■ **Task to complete**: From the first line of the records down to the one that holds "Qadınlar üçün nazik", transcribe each line exactly and add nothing.

■ **Material to process**:
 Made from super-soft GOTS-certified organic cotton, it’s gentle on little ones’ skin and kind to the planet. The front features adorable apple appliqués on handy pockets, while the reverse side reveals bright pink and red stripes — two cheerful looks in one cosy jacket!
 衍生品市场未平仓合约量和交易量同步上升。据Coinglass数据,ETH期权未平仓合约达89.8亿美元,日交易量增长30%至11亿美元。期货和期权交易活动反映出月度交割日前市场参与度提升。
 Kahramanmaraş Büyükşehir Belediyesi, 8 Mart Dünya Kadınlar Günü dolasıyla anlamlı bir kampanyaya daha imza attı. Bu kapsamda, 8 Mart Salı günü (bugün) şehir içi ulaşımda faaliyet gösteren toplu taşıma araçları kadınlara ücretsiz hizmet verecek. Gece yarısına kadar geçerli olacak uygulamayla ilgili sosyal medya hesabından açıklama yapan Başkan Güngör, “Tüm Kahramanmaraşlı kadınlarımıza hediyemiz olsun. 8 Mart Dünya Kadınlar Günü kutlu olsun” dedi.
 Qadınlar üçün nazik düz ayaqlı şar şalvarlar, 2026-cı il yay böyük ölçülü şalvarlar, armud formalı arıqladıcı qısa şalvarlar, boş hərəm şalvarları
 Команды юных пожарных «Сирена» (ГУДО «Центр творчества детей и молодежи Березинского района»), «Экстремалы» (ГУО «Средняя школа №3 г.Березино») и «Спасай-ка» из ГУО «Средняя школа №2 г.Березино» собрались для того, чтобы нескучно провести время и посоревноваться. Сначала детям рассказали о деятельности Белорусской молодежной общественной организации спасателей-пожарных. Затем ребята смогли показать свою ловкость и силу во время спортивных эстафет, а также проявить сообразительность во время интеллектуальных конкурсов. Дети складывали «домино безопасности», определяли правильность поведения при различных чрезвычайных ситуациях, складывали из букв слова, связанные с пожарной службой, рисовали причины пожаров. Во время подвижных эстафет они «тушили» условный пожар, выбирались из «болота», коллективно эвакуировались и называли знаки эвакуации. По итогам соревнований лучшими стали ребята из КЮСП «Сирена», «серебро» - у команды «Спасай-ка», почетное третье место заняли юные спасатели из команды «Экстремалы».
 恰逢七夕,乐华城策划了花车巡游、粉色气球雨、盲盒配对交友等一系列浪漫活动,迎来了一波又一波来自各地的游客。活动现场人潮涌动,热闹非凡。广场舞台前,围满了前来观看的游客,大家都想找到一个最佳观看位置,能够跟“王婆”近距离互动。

■ **Written answer**:
 Made from super-soft GOTS-certified organic cotton, it’s gentle on little ones’ skin and kind to the planet. The front features adorable apple appliqués on handy pockets, while the reverse side reveals bright pink and red stripes — two cheerful looks in one cosy jacket!
 衍生品市场未平仓合约量和交易量同步上升。据Coinglass数据,ETH期权未平仓合约达89.8亿美元,日交易量增长30%至11亿美元。期货和期权交易活动反映出月度交割日前市场参与度提升。
 Kahramanmaraş Büyükşehir Belediyesi, 8 Mart Dünya Kadınlar Günü dolasıyla anlamlı bir kampanyaya daha imza attı. Bu kapsamda, 8 Mart Salı günü (bugün) şehir içi ulaşımda faaliyet gösteren toplu taşıma araçları kadınlara ücretsiz hizmet verecek. Gece yarısına kadar geçerli olacak uygulamayla ilgili sosyal medya hesabından açıklama yapan Başkan Güngör, “Tüm Kahramanmaraşlı kadınlarımıza hediyemiz olsun. 8 Mart Dünya Kadınlar Günü kutlu olsun” dedi.
 Qadınlar üçün nazik düz ayaqlı şar şalvarlar, 2026-cı il yay böyük ölçülü şalvarlar, armud formalı arıqladıcı qısa şalvarlar, boş hərəm şalvarları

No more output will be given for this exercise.